In the listing below, locate the line containing "Happy Members and Guests" and copy it and every line after it through the end, exactly as written, leaving out any pictures.

EXTRACTED RECORDS START

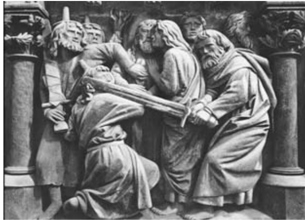
Peter cutting off Malchus's ear with the sword
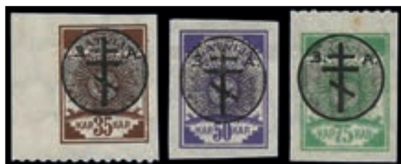
Ex Lot 1051
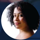
葛露絲 Tania Kross 歌唱家 vocalist
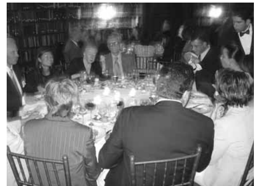
Happy Members and Guests
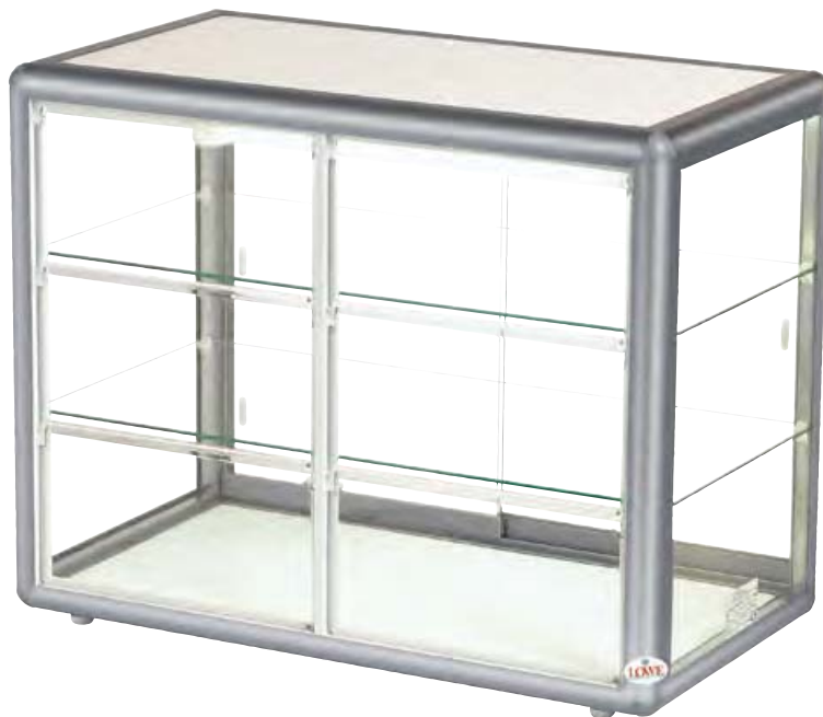
200 Dry Self-Serve Counter Top Display

EXTRACTED RECORDS END

▶ _ANSWER TO THE PROBLEM_:
Happy Members and Guests
200 Dry Self-Serve Counter Top Display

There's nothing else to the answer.